(Records from a collection)
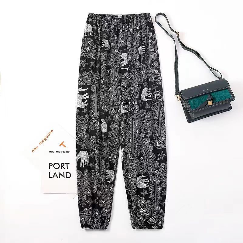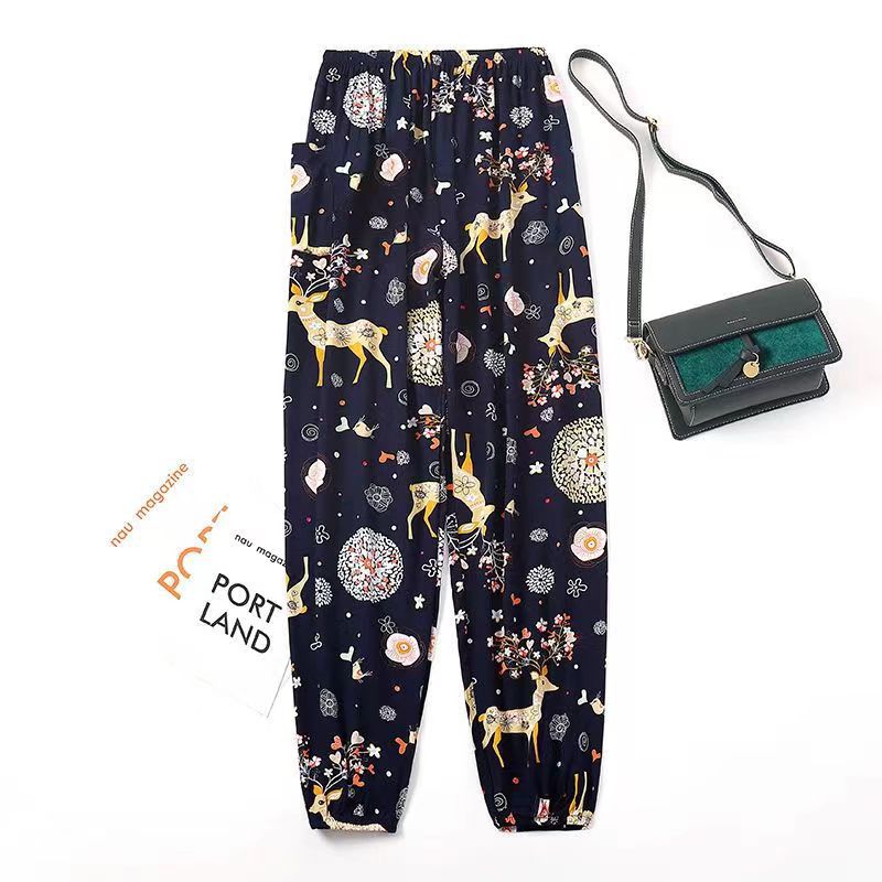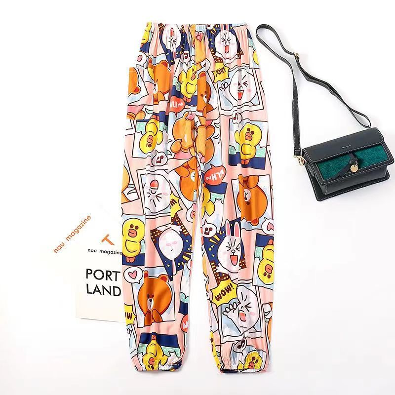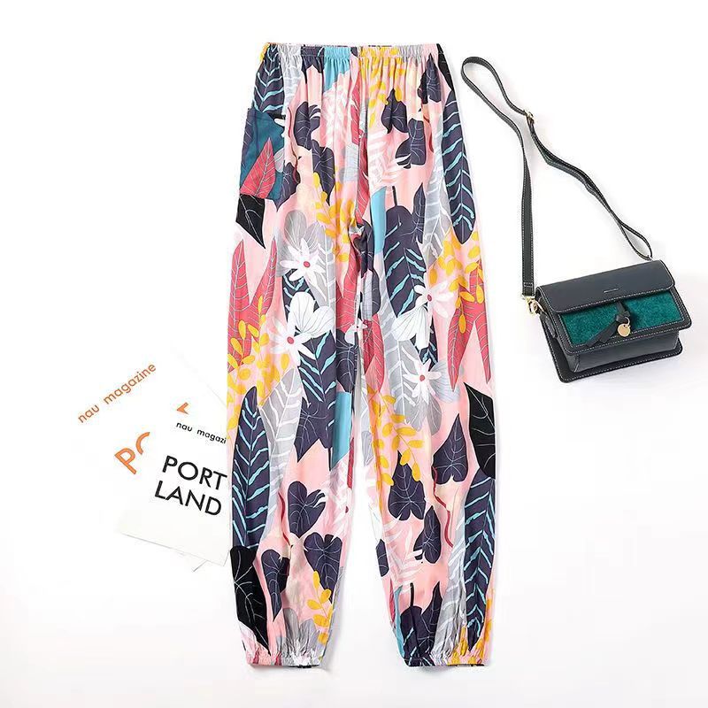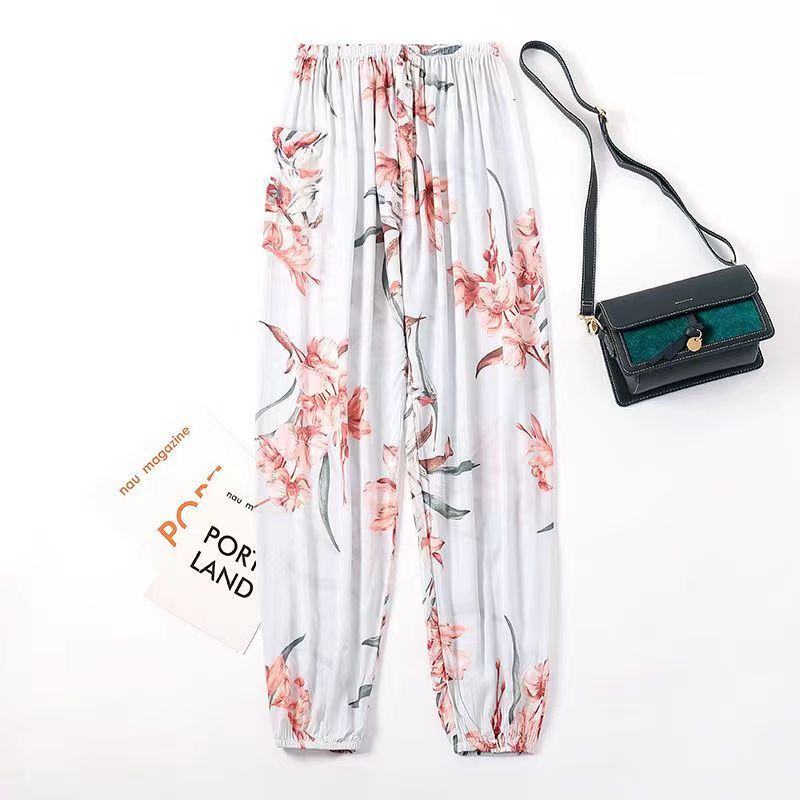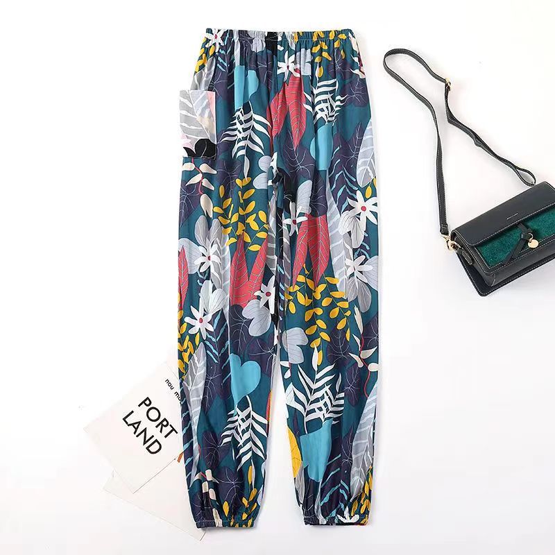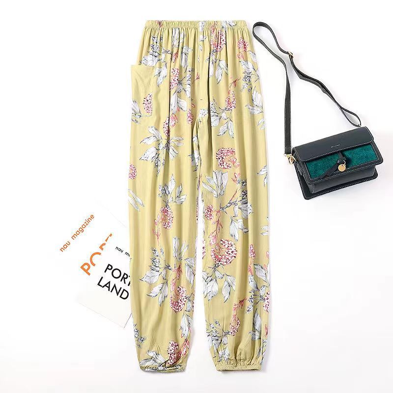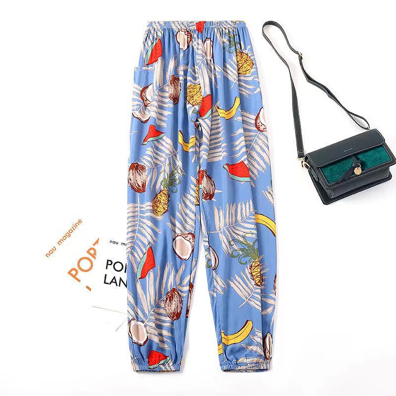 여름 여성용 면 실크 바지, 얇은 블루머, 성인 모기 방지 바지, 비치 바지, 인공 면 인터넷 연예인 루즈한 잠옷
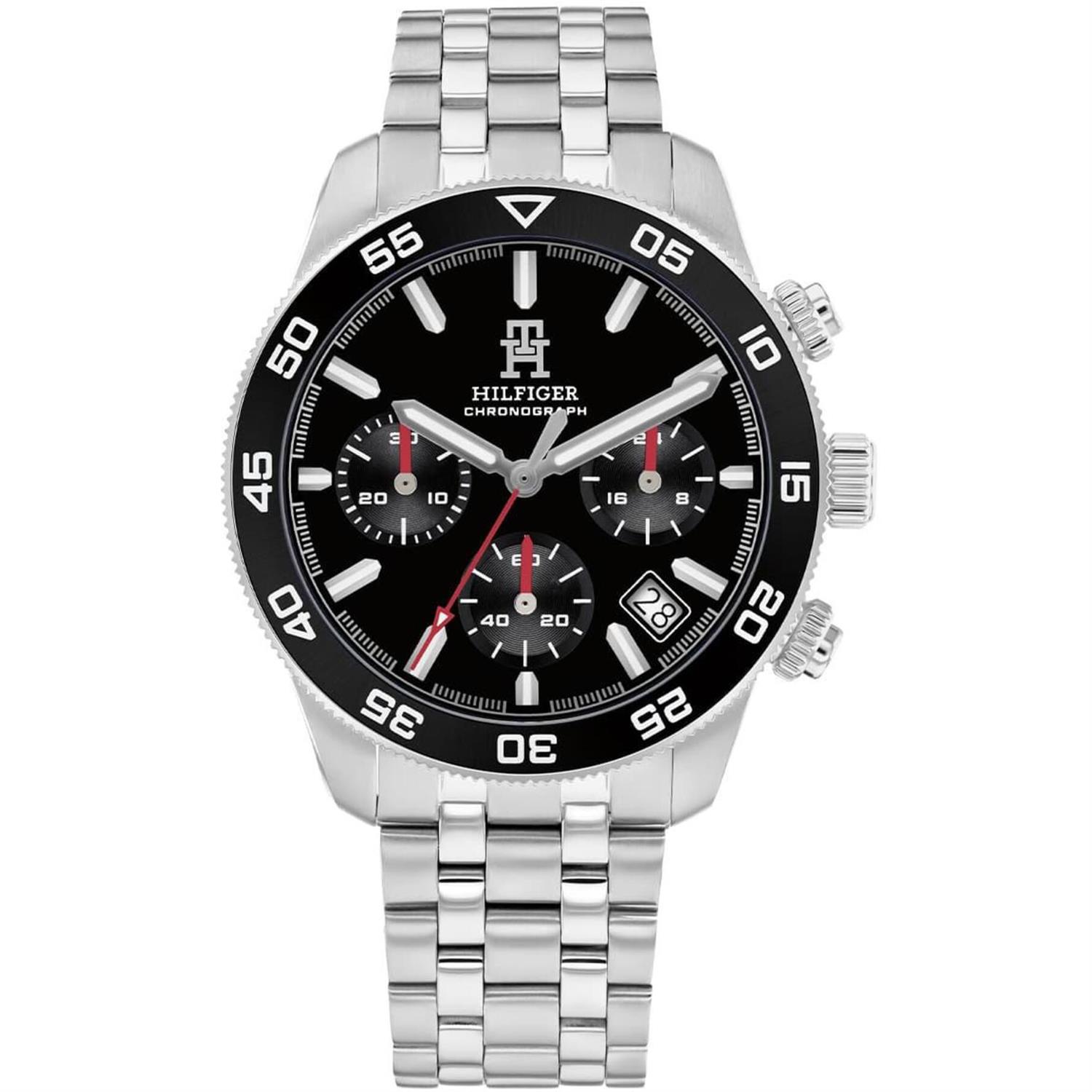 ساعت مچی مردانه تامی هیلفیگرTommy Hilfiger با طراحی روزانه بند استیل و قاب گرد استیل مشکی و صفحه مشکی با قابلیت داشتن تقویم / زه چرخان / کرنوگراف / شب نما و موتور ژاپنی با انرژی باتری و مقاوم در برابر آب تا عمق 50 متر به همراه گارانتی بین المللی
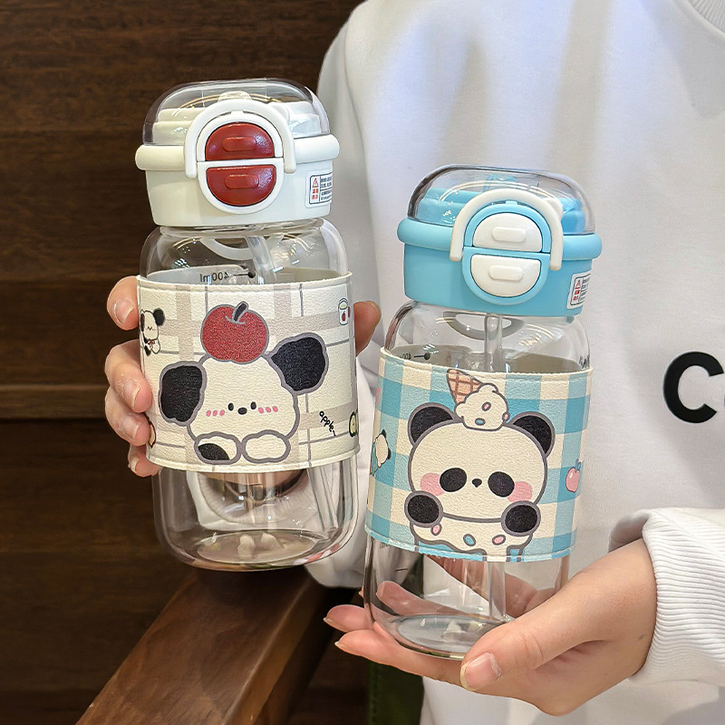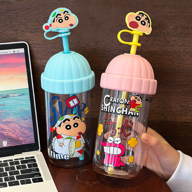 クレヨンしんちゃんコラボ ストロー付き水筒 新型2025 女の子向け 高颜值 高硼珪酸ガラス製 耐熱カップ
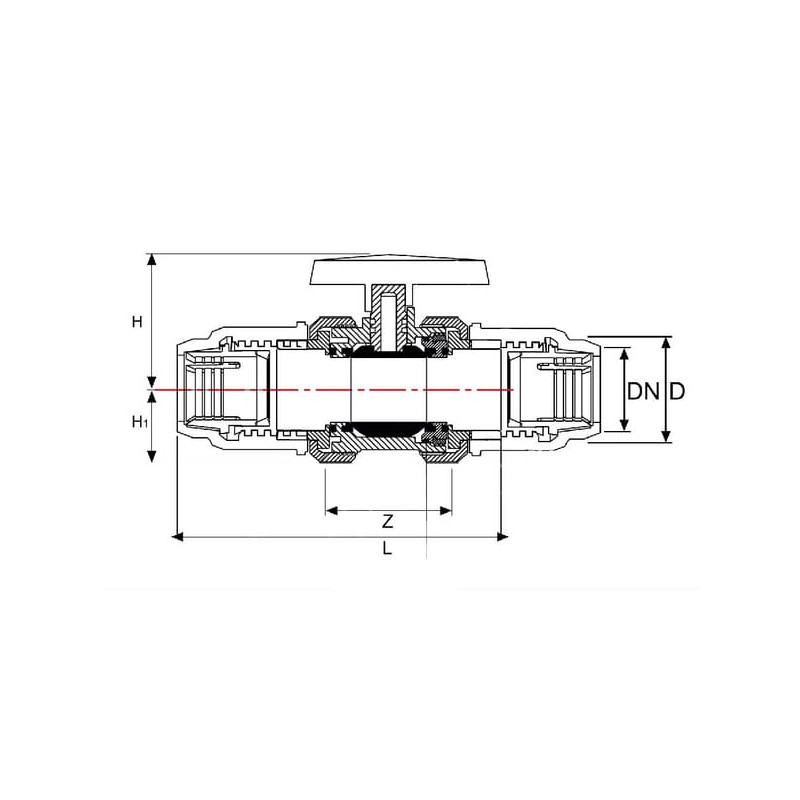PVC rutulinis vožtuvas 2xPE 40mm KS40405GP
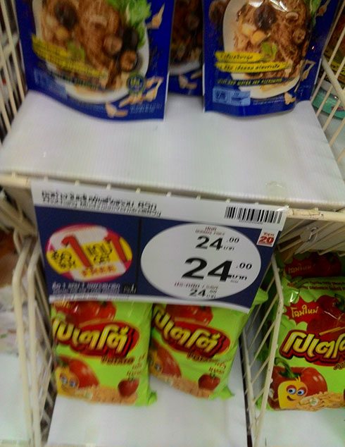 ที่ชั้นจะมีป้าย 1 แถม 1 ทุกรส แต่เวลาคิดเงิน จะมี 2 รส ที่ไม่ลดราคาให้
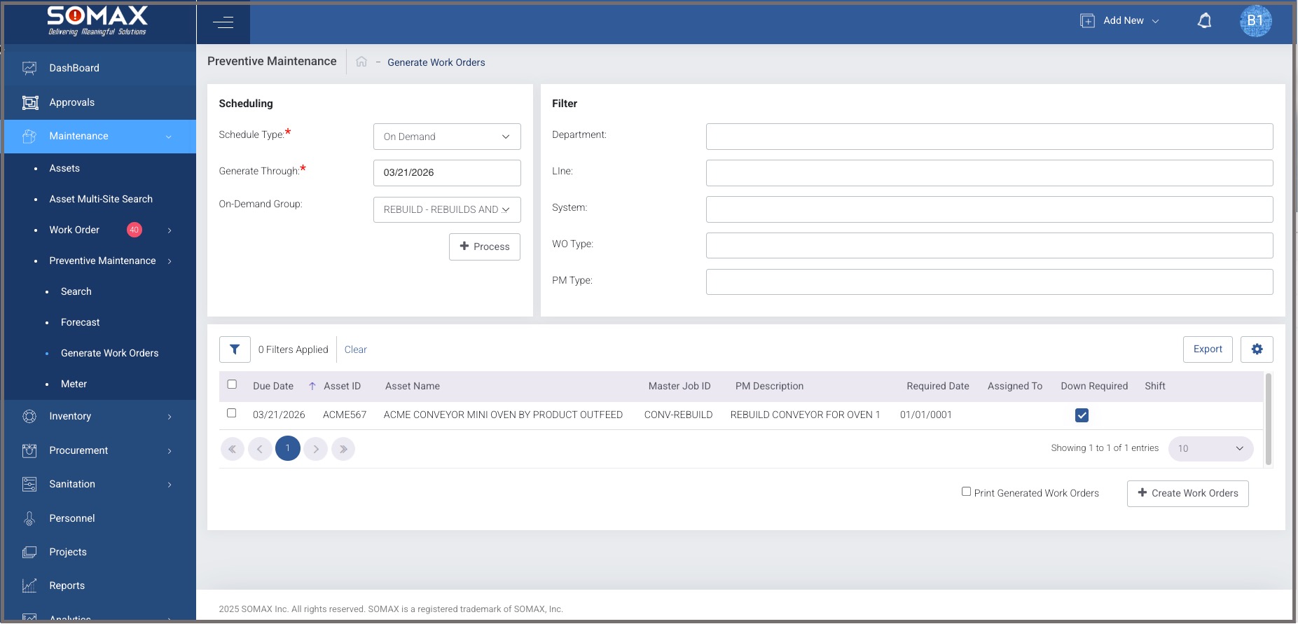 Generate the PM and create the Work Order(s)

Task brief: Word for word, please reproduce each entry above and leave out every picture.

Result for this task:
 여름 여성용 면 실크 바지, 얇은 블루머, 성인 모기 방지 바지, 비치 바지, 인공 면 인터넷 연예인 루즈한 잠옷
 ساعت مچی مردانه تامی هیلفیگرTommy Hilfiger با طراحی روزانه بند استیل و قاب گرد استیل مشکی و صفحه مشکی با قابلیت داشتن تقویم / زه چرخان / کرنوگراف / شب نما و موتور ژاپنی با انرژی باتری و مقاوم در برابر آب تا عمق 50 متر به همراه گارانتی بین المللی
 クレヨンしんちゃんコラボ ストロー付き水筒 新型2025 女の子向け 高颜值 高硼珪酸ガラス製 耐熱カップ
PVC rutulinis vožtuvas 2xPE 40mm KS40405GP
 ที่ชั้นจะมีป้าย 1 แถม 1 ทุกรส แต่เวลาคิดเงิน จะมี 2 รส ที่ไม่ลดราคาให้
 Generate the PM and create the Work Order(s)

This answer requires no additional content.